6. Key Resolutions and Approvals at an AGM:

  • Approval of Financial Statements: Shareholders review the company’s financial performance and approve the balance sheet, profit and loss statement, and the director’s report.

  • Appointment of Directors:

    • Some directors are required to retire by rotation at each AGM, typically those who have been in office for three years.

    • Re-election: The retiring directors may be re-elected unless there is a proposal for a change.

  • Appointment or Reappointment of Auditors:

    • The AGM will appoint an external auditor or reappoint the existing auditor for the following year. The auditor’s report is also presented.

  • Declaration of Dividends:

    • The shareholders approve the dividend proposed by the company. If dividends are declared, a portion of the company’s profit is distributed to shareholders.

  • Special Resolutions:

    • These resolutions are passed for major decisions, such as altering the company’s constitution, approving mergers, or making other substantial changes to the company.

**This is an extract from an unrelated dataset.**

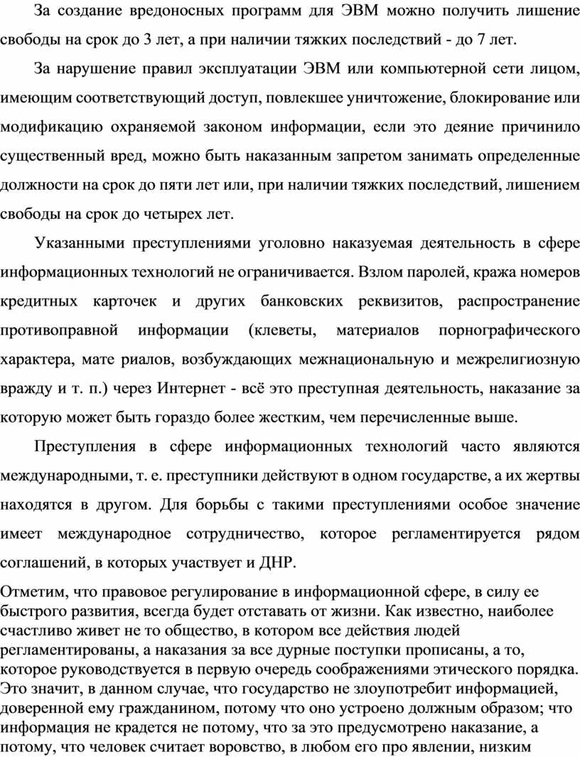 Нарушения законов в сфере информации предусматривают как гражданско-правовую, так и уголовную ответственность. В Уголовный кодекс ДНР внесен раздел «Преступления в сфере компьютерной информации». Он определил меру наказания за некоторые виды преступлений, ставших, к сожалению, распространенными.

7. Penalties for Non-Compliance with AGM Requirements:

  • Non-holding of AGM: If a company fails to hold an AGM within the prescribed time, it may be penalized under Section 99. The penalty could be a fine ranging from ₹1 lakh to ₹5 lakh.

  • Penalty for Default in Filing AGM Minutes: Failing to file the minutes of AGM with the Registrar of Companies (RoC) can lead to fines.


8. Annual Return and Filing with the Registrar of Companies (RoC):

Section 92 – Annual Return:

  • After the AGM, companies must file an Annual Return (Form MGT-7) with the Registrar of Companies (RoC), which includes:

    • Details of directors.

    • Shareholding pattern.

    • CSR activities (if applicable).

    • Financial summary.


9. AGM in Practice – Real-World Examples:

  • Infosys Ltd.: Infosys’s AGM typically includes the approval of audited financial statements, declaration of dividends, and appointment of directors. It is one of the most transparent AGMs in the tech sector, with clear resolutions and shareholder engagement.

  • Hindustan Unilever (HUL): HUL’s AGM is well-known for its detailed discussion of financial performance and corporate governance, with active participation from its stakeholders.


Summary Checklist for AGM Compliance:

  • Hold AGM on time (within 9 months for first AGM, and 15 months for subsequent AGMs).

  • Ensure that 21-day notice is given to all shareholders with the agenda.

  • Ensure the quorum is met for the meeting to be valid.

  • Appoint a proxy if necessary and ensure all voting is conducted correctly.

  • Ensure resolutions (both ordinary and special) are properly passed.

  • File Annual Return (Form MGT-7) with the Registrar.